Whitman’s Views on Shakespeare: Some Clarifications by Sarani Ghosal (Mondal)
Whitman does not find in Shakespeare any completed statement of the moral, the true and the beautiful. The search for a true democracy is a one-pointed quest for the supreme soul. The true splendour flies away like an “uncaught bird”. Even a mediocre writer attempting to find that glory fascinates Whitman. Hence he is drawn to George Fox, who was born just a few years after Shakespeare’s death....
For Whitman, art must mirror the quest for the immortality of Identity, which is the most neglected aspect of life and yet the material for the “deepest depths” and “highest heights of art”. And to have found just a little flavour of that gives a different value to our life. Poetry in Whitman’s eyes was a progressive manifestation of the soul, a constant search for the ever progressive new. According to Whitman, the grand elitism of Shakespeare-- the projection of aristocracy – was not quite in harmony with the theme and form of his own poetry.
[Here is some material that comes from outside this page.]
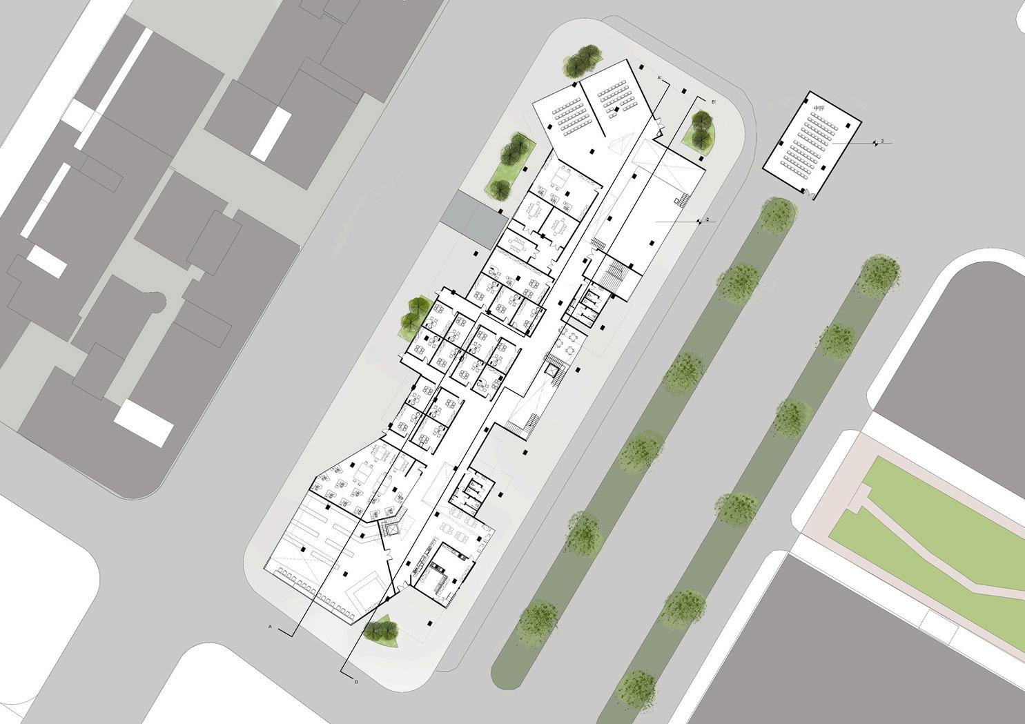 現今建築教育當中在常規的教育通常只侷限在室內空間,但僅僅只是在⼀個 盒⼦裡進⾏課程,不免會限制到學⽣ 與都市的連結性,使學⽣⾝處在都市

But, the great American poet seems to have lost sight of the fact that the common human nature is not far from the central passions of the mighty kings and lords.
Although Whitman’s stress on the limitations of Shakespeare has a strong logic behind it, his own limitations as a Shakespeare critic become obvious in the context of Sri Aurobindo’s positive approach to Shakespeare. Unlike Sri Aurobindo, another evolutionary poet of identical complexion, Whitman fails to see the relevance of Shakespeare in the field of psychological investigation into the human self. The common human nature is still in the trap of the Shakespearian moments. One must know how to tame and transform this world before reaching out to the spiritual peaks. That is why I bring in Sri Aurobindo to pinpoint the limitations of Whitman’s criticism of Shakespeare, who is still relevant, because the average human being is firmly rooted still in the consciousness of an Othello or a Lear. Somehow, Whitman forgot that true spirituality is an evolution of awareness and that it does not exclude the experience of the lower sensations of life.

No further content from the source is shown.